News
January 28, 2005
Scores of pilgrims killed in Indian stampede

INDIA: Up to 300 Hindu pilgrims are feared dead and hundreds injured during a stampede at a Hindu festival in India.

The stampede happened during a pilgrimage to the remote Mandhar Devi temple in western Maharashtra state. {{more}}

Officials say thousands panicked during a religious procession after a fire broke out in roadside stalls.

Many pilgrims were crushed and burned to death as the fire forced crowds into a narrow stairway leading to the hilltop temple.

The stampede occurred near the village of Wai, more than 200km (125 miles) south of Mumbai (Bombay), where pilgrims congregate every year at the temple to venerate a Hindu goddess.

This year more than 300,000 people had gathered, and the narrow path leading to the temple was jammed with worshippers, many of them women and children.

Accounts vary as to what caused the stampede. One local police inspector blamed a fire caused by an electrical short circuit in a makeshift shop.

Other witnesses said pilgrims began burning and looting roadside stalls after they became frustrated at long delays in gaining entry to the temple site.

The procession quickly became panicked and the narrow passage was jammed as crowds surged forward to avoid the flames.
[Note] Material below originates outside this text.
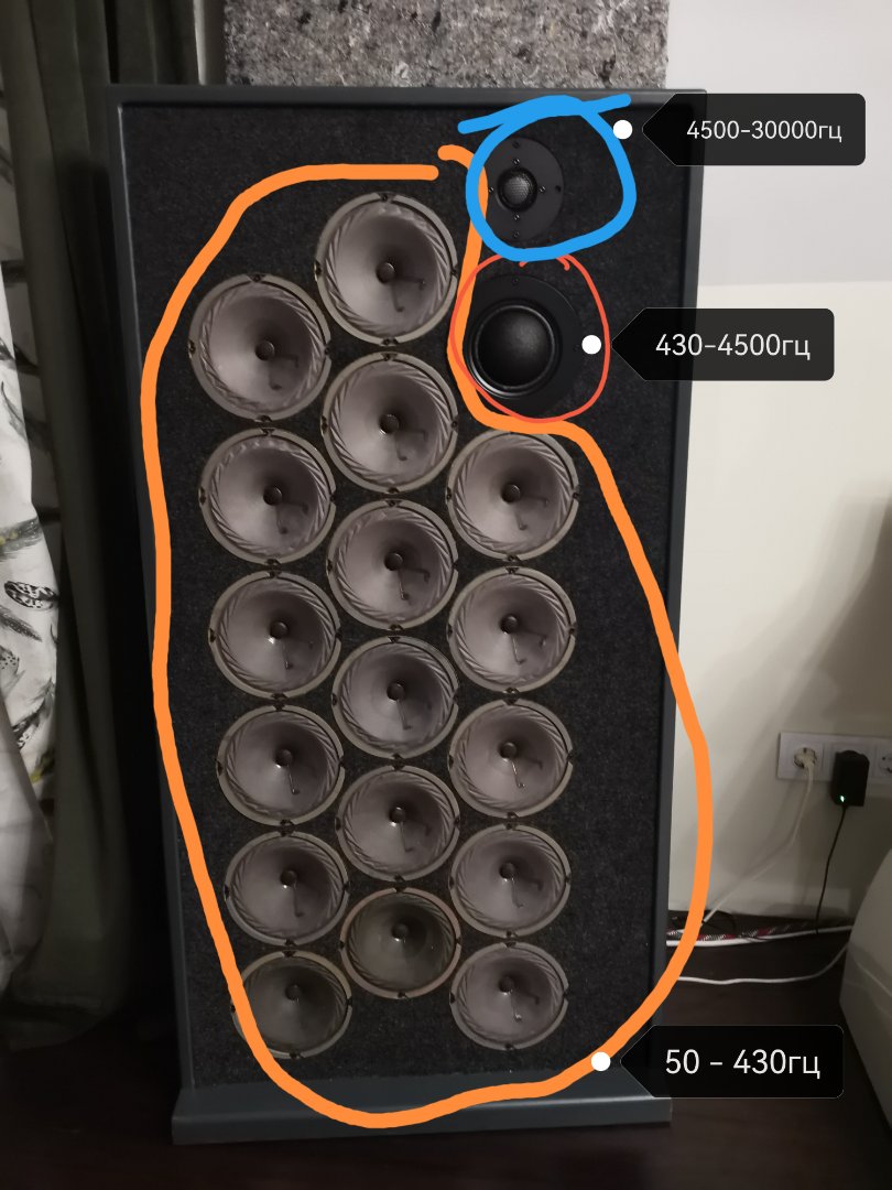 Конкретно цих 17шт 5ГДН4, по площі як 4 12ки приблизно, але лінійний хід 1мм, чи скільки? В нормального 12го про мідбаса 5-7мм лінійний хід, плюс сучасна оптимізована магнитна система, демудоляційні кільця і інше. Виходить що 1 12ка динамічно цікавіша за весь той масив.

A local police chief, V N Deshmukh, put the death toll at more than 300 and said that more than 200 were taken by bus to local hospitals, the AFP news agency reported.

District official Subarrao Patil told Reuters that 250 to 300 people died in the crush.

“This does not include the people who may have been charred to death in the shops that have gutted nearby in the fire,” he said.

“People got suffocated in the crush. Bodies are still lying there,” shopkeeper Sanjay Mistry, who was among the pilgrims, told AFP.

“There was a lot of chaos and cries of ‘many people are dead’,” he added.